▶ ASSIGNMENT
The answer must consist solely of the lines below starting at the one containing "Beyaz altının zarif" and ending at the one containing "Tork PeakServe®: najnovšia", repeated exactly, with both ends included and all pictures omitted.

▶ PROVIDED INFORMATION

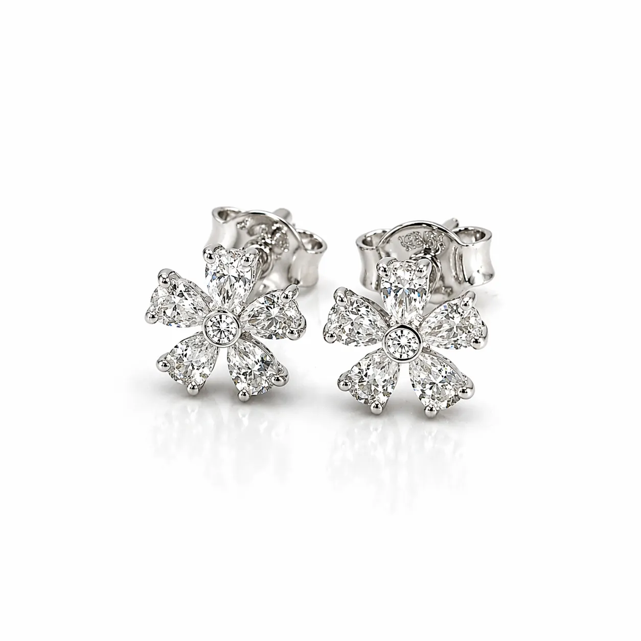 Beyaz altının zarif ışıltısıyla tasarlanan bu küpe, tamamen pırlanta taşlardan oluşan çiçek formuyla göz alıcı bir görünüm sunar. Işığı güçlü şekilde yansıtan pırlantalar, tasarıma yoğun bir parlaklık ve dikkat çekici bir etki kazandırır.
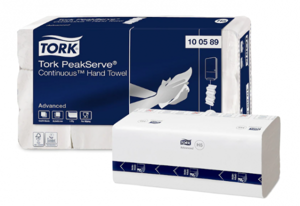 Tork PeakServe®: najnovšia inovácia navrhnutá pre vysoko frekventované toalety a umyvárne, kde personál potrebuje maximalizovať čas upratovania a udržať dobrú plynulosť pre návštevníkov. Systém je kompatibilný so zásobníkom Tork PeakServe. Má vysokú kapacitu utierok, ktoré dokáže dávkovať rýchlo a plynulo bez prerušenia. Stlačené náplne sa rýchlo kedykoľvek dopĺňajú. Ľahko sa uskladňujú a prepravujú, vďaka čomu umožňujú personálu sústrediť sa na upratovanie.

--

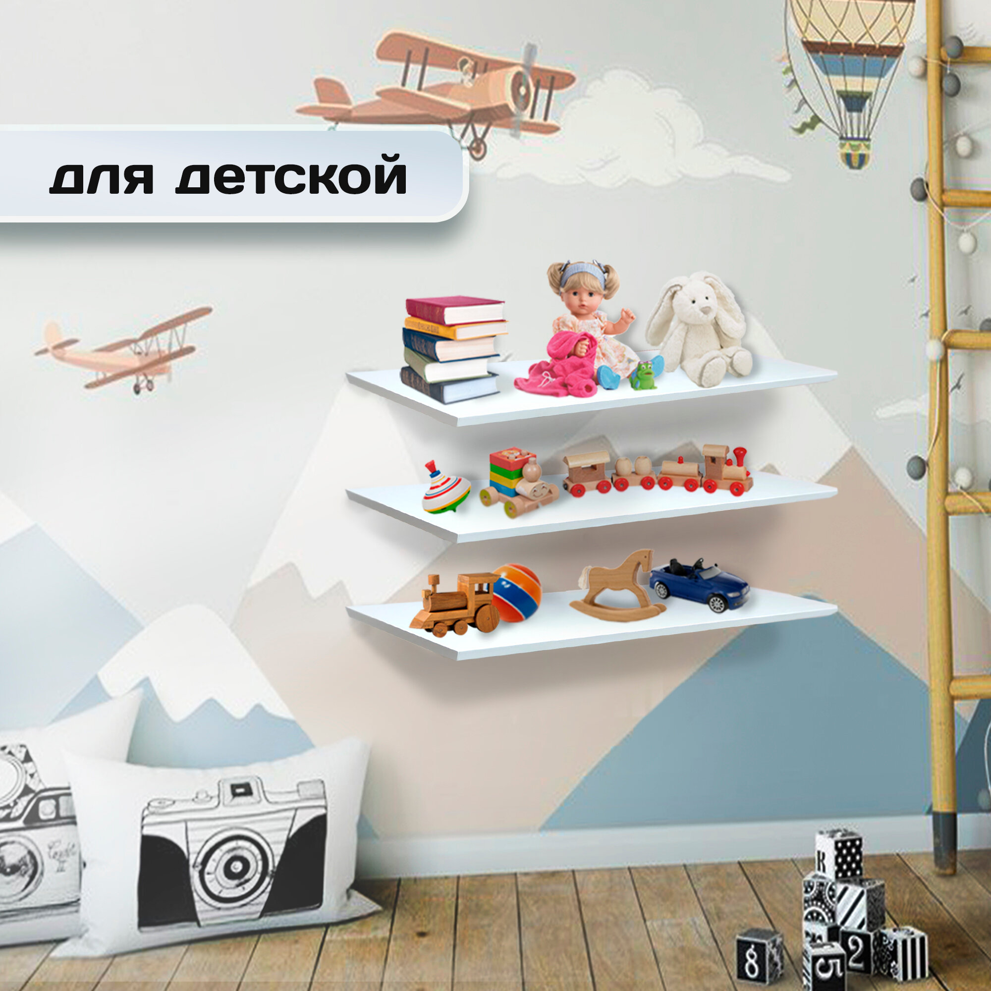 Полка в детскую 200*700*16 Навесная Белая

--

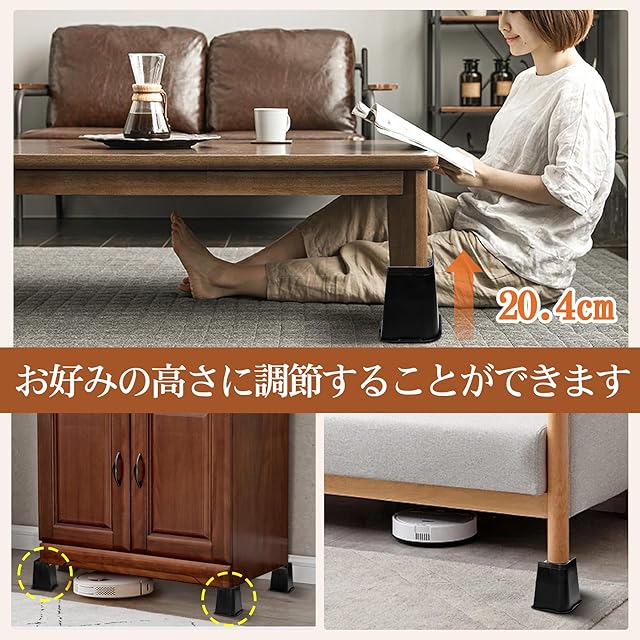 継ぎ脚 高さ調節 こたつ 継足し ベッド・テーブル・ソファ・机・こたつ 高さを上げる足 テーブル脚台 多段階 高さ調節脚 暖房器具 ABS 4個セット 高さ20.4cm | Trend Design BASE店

▶ REPLY
 Beyaz altının zarif ışıltısıyla tasarlanan bu küpe, tamamen pırlanta taşlardan oluşan çiçek formuyla göz alıcı bir görünüm sunar. Işığı güçlü şekilde yansıtan pırlantalar, tasarıma yoğun bir parlaklık ve dikkat çekici bir etki kazandırır.
 Tork PeakServe®: najnovšia inovácia navrhnutá pre vysoko frekventované toalety a umyvárne, kde personál potrebuje maximalizovať čas upratovania a udržať dobrú plynulosť pre návštevníkov. Systém je kompatibilný so zásobníkom Tork PeakServe. Má vysokú kapacitu utierok, ktoré dokáže dávkovať rýchlo a plynulo bez prerušenia. Stlačené náplne sa rýchlo kedykoľvek dopĺňajú. Ľahko sa uskladňujú a prepravujú, vďaka čomu umožňujú personálu sústrediť sa na upratovanie.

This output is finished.